* **DIRECTIONS**
Your answer should hold exactly the lines below from the line with "Nach Ablauf der" through the line with "Students who responded", both included, and no pictures at all.

* **RECORDS FOR THIS EXERCISE**
◇ ◇ ◇ ◇ ◇ ◇ ◇

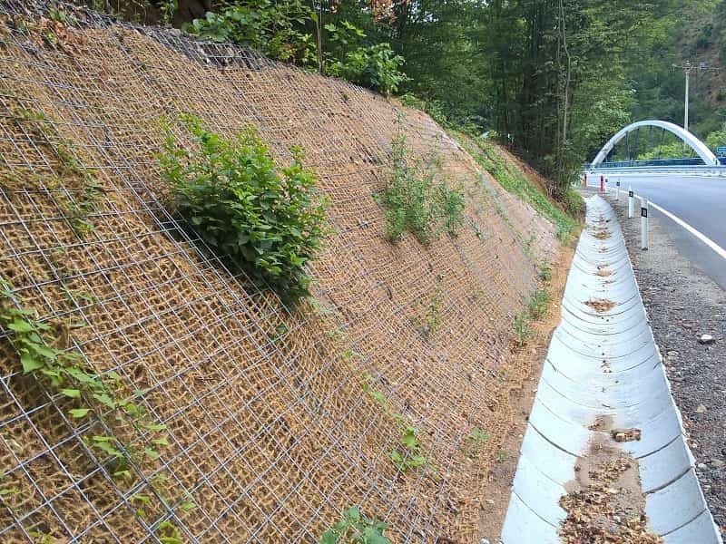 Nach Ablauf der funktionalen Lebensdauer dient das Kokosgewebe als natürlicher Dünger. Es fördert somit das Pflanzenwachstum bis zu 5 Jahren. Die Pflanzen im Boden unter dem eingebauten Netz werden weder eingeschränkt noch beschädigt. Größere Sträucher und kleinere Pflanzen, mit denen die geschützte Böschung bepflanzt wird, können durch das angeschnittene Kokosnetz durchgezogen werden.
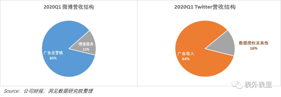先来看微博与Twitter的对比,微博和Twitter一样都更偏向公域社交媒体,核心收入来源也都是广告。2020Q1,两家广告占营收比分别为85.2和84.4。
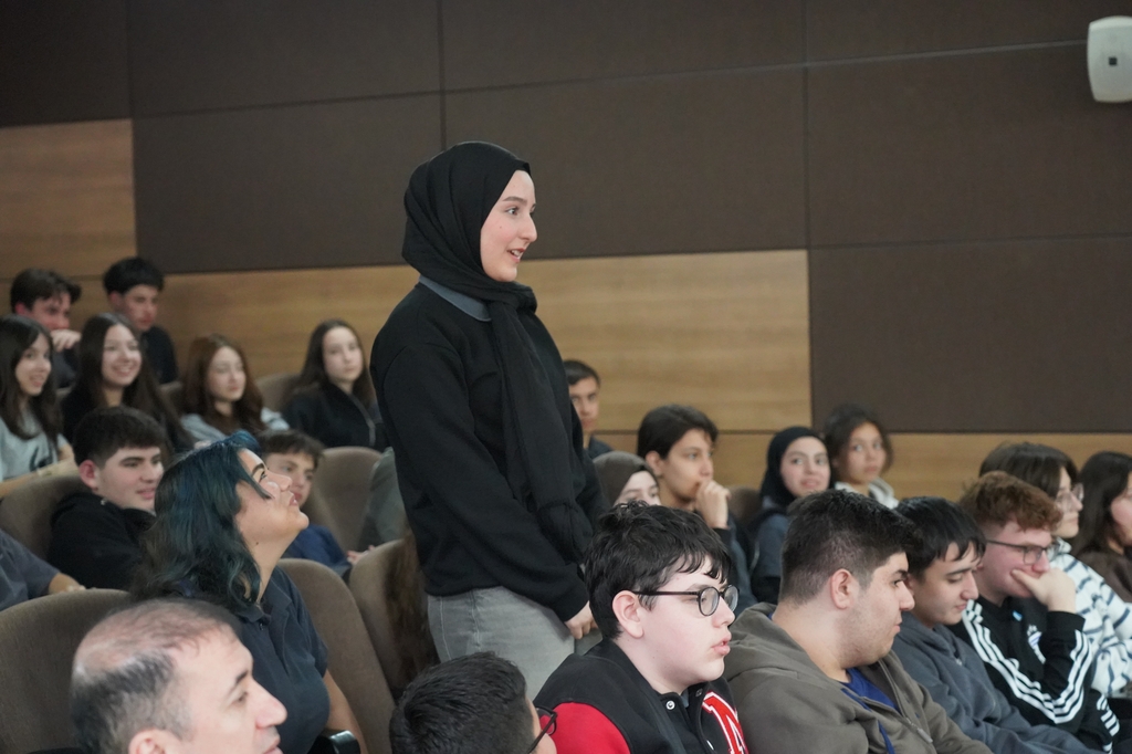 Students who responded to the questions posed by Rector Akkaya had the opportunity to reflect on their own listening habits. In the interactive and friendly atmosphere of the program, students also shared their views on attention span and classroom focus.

◇ ◇ ◇ ◇ ◇ ◇ ◇

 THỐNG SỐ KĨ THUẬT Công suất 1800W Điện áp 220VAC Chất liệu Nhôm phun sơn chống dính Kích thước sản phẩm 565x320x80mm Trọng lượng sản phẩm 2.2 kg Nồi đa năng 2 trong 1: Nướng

◇ ◇ ◇ ◇ ◇ ◇ ◇

* **WRITTEN SOLUTION**
 Nach Ablauf der funktionalen Lebensdauer dient das Kokosgewebe als natürlicher Dünger. Es fördert somit das Pflanzenwachstum bis zu 5 Jahren. Die Pflanzen im Boden unter dem eingebauten Netz werden weder eingeschränkt noch beschädigt. Größere Sträucher und kleinere Pflanzen, mit denen die geschützte Böschung bepflanzt wird, können durch das angeschnittene Kokosnetz durchgezogen werden.
先来看微博与Twitter的对比,微博和Twitter一样都更偏向公域社交媒体,核心收入来源也都是广告。2020Q1,两家广告占营收比分别为85.2和84.4。
 Students who responded to the questions posed by Rector Akkaya had the opportunity to reflect on their own listening habits. In the interactive and friendly atmosphere of the program, students also shared their views on attention span and classroom focus.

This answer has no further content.